As an adult, Anna works as an underappreciated, underpaid assistant at Culture, a TV station featuring black music videos. When a new programmer, Zora (Vanessa Williams of “Shaft”) takes over, Anna sees a chance for advancement, but instead, Zora steals her boyfriend, and her programming ideas.
Zora tells Anna that if she wants to advance in the company, she needs to dress better and to change her hair style. Zora points Anna to an upscale hair salon that specializes in hair weaves. I could barely watch the terrible, painful process that Anna goes through getting her hair weave. The horror parts of the film were far less horrible than the hair weave sequence.
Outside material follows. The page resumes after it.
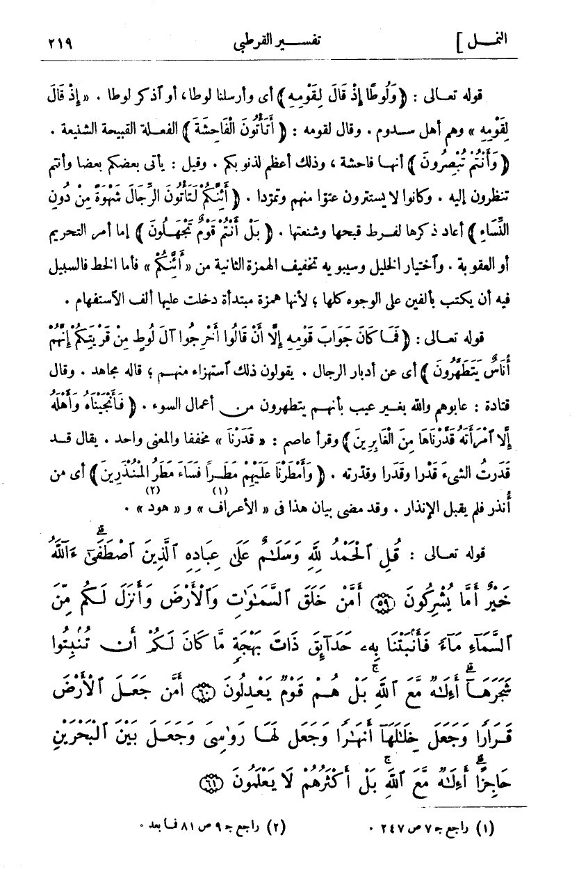 قَوْلُهُ تَعَالَى: (وَلُوطاً إِذْ قالَ لِقَوْمِهِ) أَيْ وَأَرْسَلْنَا لُوطًا، أَوِ اذْكُرْ لُوطًا." إِذْ قالَ لِقَوْمِهِ" وهم أهل سدوم. وقال لقومه: (أَتَأْتُونَ الْفاحِشَةَ) الْفَعْلَةَ الْقَبِيحَةَ الشَّنِيعَةَ. (وَأَنْتُمْ تُبْصِرُونَ) أَنَّهَا فَاحِشَةٌ، وَذَلِكَ أَعْظَمُ لِذُنُوبِكُمْ. وَقِيلَ: يَأْتِي بَعْضُكُمْ بَعْضًا وَأَنْتُمْ تَنْظُرُونَ إِلَيْهِ. وَكَانُوا لَا يستترون عتوا منهم وتمردا. (أَإِنَّكُمْ لَتَأْتُونَ الرِّجالَ شَهْوَةً مِنْ دُونِ النِّساءِ) أَعَادَ ذكرها لفرط قبحها وشنعتها. (بَلْ أَنْتُمْ قَوْمٌ تَجْهَلُونَ) إِمَّا أَمْرَ التَّحْرِيمِ أَوِ الْعُقُوبَةَ. وَاخْتِيَارُ الْخَلِيلِ وَسِيبَوَيْهِ تَخْفِيفُ الْهَمْزَةِ الثانية من" أإنكم" فَأَمَّا الْخَطُّ فَالسَّبِيلُ فِيهِ أَنْ يُكْتَبَ بِأَلِفَيْنِ عَلَى الْوُجُوهِ كُلِّهَا، لِأَنَّهَا هَمْزَةٌ مُبْتَدَأَةٌ دَخَلَتْ عَلَيْهَا أَلِفُ الِاسْتِفْهَامِ. قَوْلُهُ تَعَالَى: (فَما كانَ جَوابَ قَوْمِهِ إِلَّا أَنْ قالُوا أَخْرِجُوا آلَ لُوطٍ مِنْ قَرْيَتِكُمْ إِنَّهُمْ أُناسٌ يَتَطَهَّرُونَ) أَيْ عَنْ أَدْبَارِ الرِّجَالِ. يَقُولُونَ ذَلِكَ اسْتِهْزَاءً مِنْهُمْ، قَالَهُ مُجَاهِدٌ. وَقَالَ قَتَادَةُ: عَابُوهُمْ وَاللَّهِ بِغَيْرِ عَيْبٍ بِأَنَّهُمْ يَتَطَهَّرُونَ مِنْ أَعْمَالِ السُّوءِ. (فَأَنْجَيْناهُ وَأَهْلَهُ إِلَّا امْرَأَتَهُ قَدَّرْناها مِنَ الْغابِرِينَ) وَقَرَأَ عَاصِمٌ:" قَدَرْنَا" مُخَفَّفًا وَالْمَعْنَى وَاحِدٌ. يُقَالُ قَدْ قَدَرْتُ الشَّيْءَ قَدْرًا وَقَدَرًا وَقَدَّرْتُهُ. (وَأَمْطَرْنا عَلَيْهِمْ مَطَراً فَساءَ مَطَرُ الْمُنْذَرِينَ) أَيْ مَنْ أُنْذِرَ فَلَمْ يَقْبَلِ الْإِنْذَارَ. وَقَدْ مَضَى بَيَانُ هَذَا في" الأعراف" «١» و" هود" «٢».
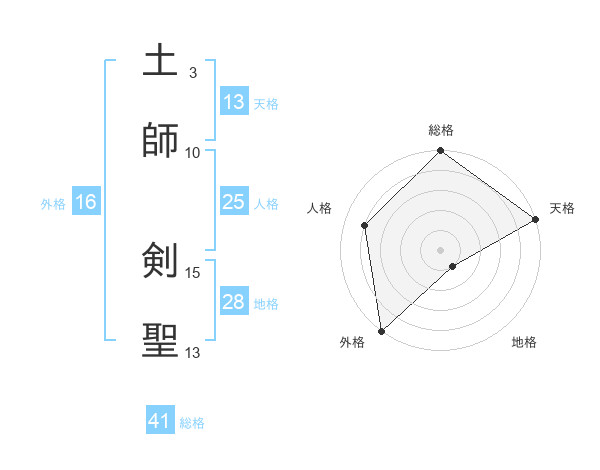 土師 剣聖さんの総格は41画の5点!

Anna's transformation is immediate. She is noticed and complimented on her looks when she shows up at work for the first time with her new, straight hair. Men who had ignored her before are now showing interest in her. Thanks to her hair, she is now seriously being considered as a host for a new TV show.
Strange things begin to happen. Her hair seems to have a mind of its own. Anna reads a book of African American folk tales, and notices that her new hair is behaving like the cursed hair of a girl in a story called “The Moss Haired Girl.” She begins to suspect that she is being possessed by the hair of a witch. Her hair means to take over her body.
The movie has a number of hints about a larger conspiracy involving a company that sells this bewitched hair. Anna discovers that she is not the only woman around with haunted hair. If this sounds crazy, it is, and the movie just keeps getting crazier as it continues towards the conclusion.
Aside from the excruciating hair weave operation, and the pain that follows, I found much of this dark comedy amusing, just because it is so off-the-wall crazy. Elle Lorraine turns in a fine performance as a beleaguered woman who later becomes empowered, and, still later, cursed. This is a very difficult role, and it could have easily been mishandled.
Writer/director Justin Simien (“Dear White People”) crafts a fascinating fable about the cruel choices forced on black women trying to succeed in the entertainment and fashion industries. It is about how black women are forced to bow to the dictates of white fashion, and the price they pay for denying their true nature.
In this movie, Anna achieves empowerment, which is rare for black women in America, but at a terrible cost to her soul. This over-the-top dark comedy is both instructive and entertaining. It rates a B.